» DIRECTIONS: Set down, word for word, each line from the top of the data through the line that has "Ve směru nahoru"; omit every picture.

Stored items
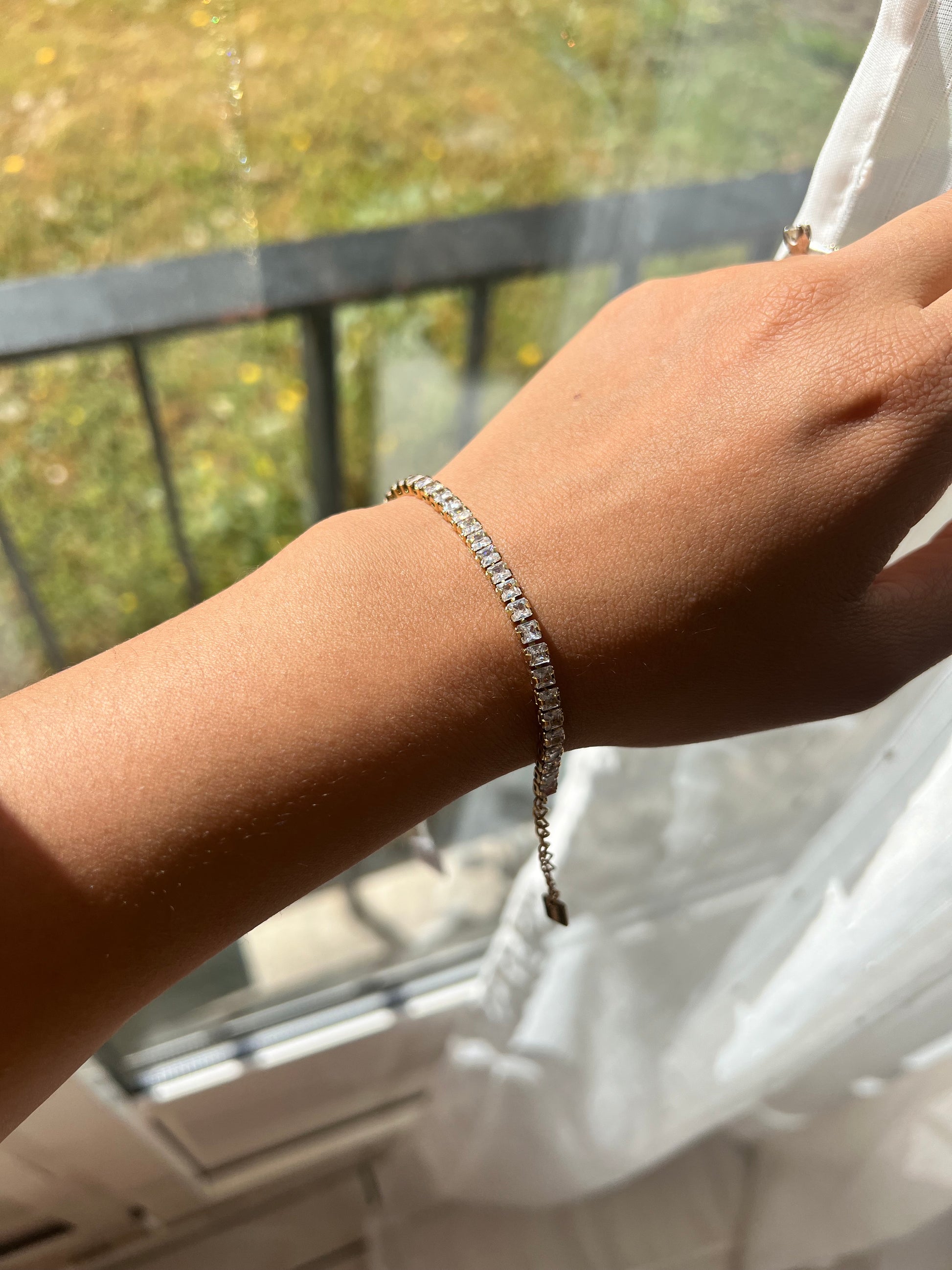 fin et inspirant l'amour . Des carrés de zircons très brillants pour un look glamour .
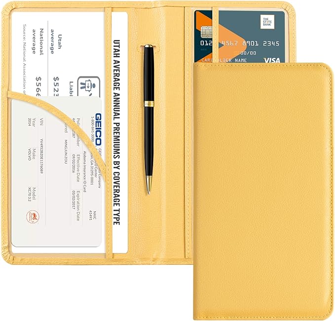 - 6 COMPARMENTS: Comes with 3 large pockets for insurance documents, vehicle registrations cards and other valueable information. And 3 small pocket for driver's license, ID cards, business cards, key contact information cards.
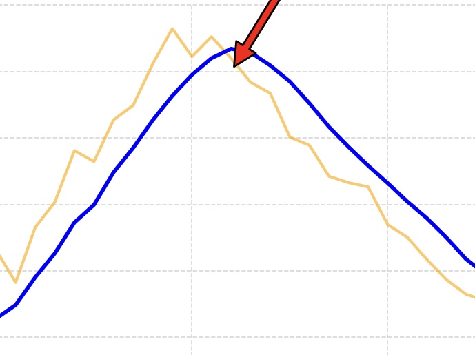 ゴールデンクロス、デッドクロスは、「MAについて」で説明したEMAの山の頂上(26EMAの頂上)、つまり勾配が水平になる点よりも、早く検出できます。
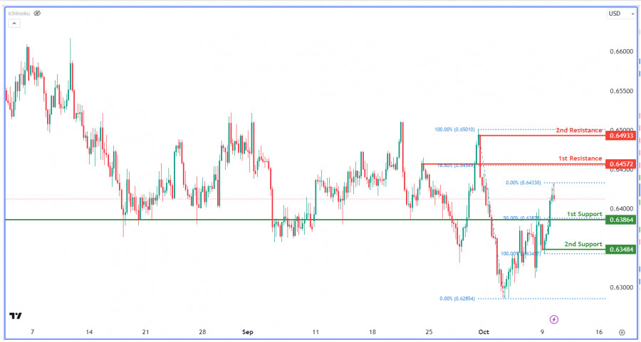 Ve směru nahoru je 1. rezistence na úrovni 0,6457 identifikována jako swingová rezistence, která se shoduje s Fibonacciho retracementem 78,60 %. Dále, 2. rezistence na úrovni 0,6493 je také označena jako rezistence swingového maxima.
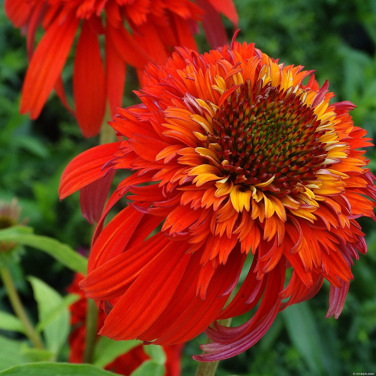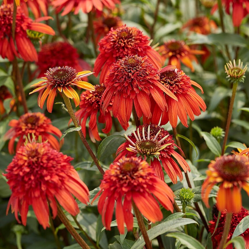 Echinacea hybrida ‘Hot Papaya’ to efektowna odmiana jeżówki hybrydowej, ceniona za pełne, intensywnie pomarańczowo-czerwone kwiaty o dużej dekoracyjności, które tworzą gęste “pomponowe” koszyczki z jaśniejszym środkiem. Jej kwiaty stanowią silny akcent kolorystyczny na rabatach, dobrze widoczny nawet z daleka, a ich intensywny odcień utrzymuje się przez cały okres kwitnienia.
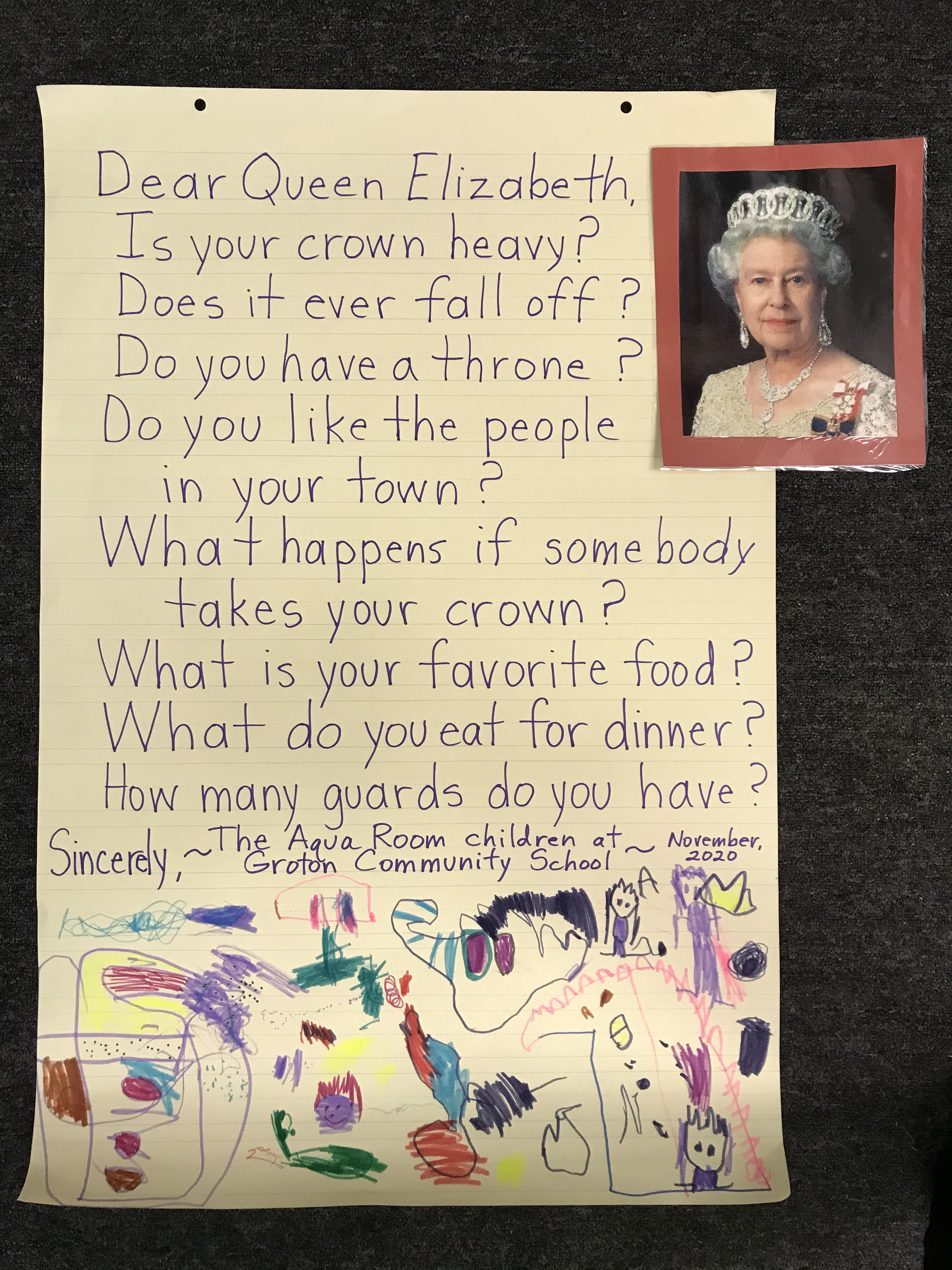 What a wonderful project. I think Queen Elizabeth would be happy to get that letter. Her staff would probably answer it too. Also, the letter to Pfizer is perfect. We sometimes forget that the children are concerned about the virus as well. Bless them and you, xo

» EXERCISE SOLUTION:
 fin et inspirant l'amour . Des carrés de zircons très brillants pour un look glamour .
 - 6 COMPARMENTS: Comes with 3 large pockets for insurance documents, vehicle registrations cards and other valueable information. And 3 small pocket for driver's license, ID cards, business cards, key contact information cards.
 ゴールデンクロス、デッドクロスは、「MAについて」で説明したEMAの山の頂上(26EMAの頂上)、つまり勾配が水平になる点よりも、早く検出できます。
 Ve směru nahoru je 1. rezistence na úrovni 0,6457 identifikována jako swingová rezistence, která se shoduje s Fibonacciho retracementem 78,60 %. Dále, 2. rezistence na úrovni 0,6493 je také označena jako rezistence swingového maxima.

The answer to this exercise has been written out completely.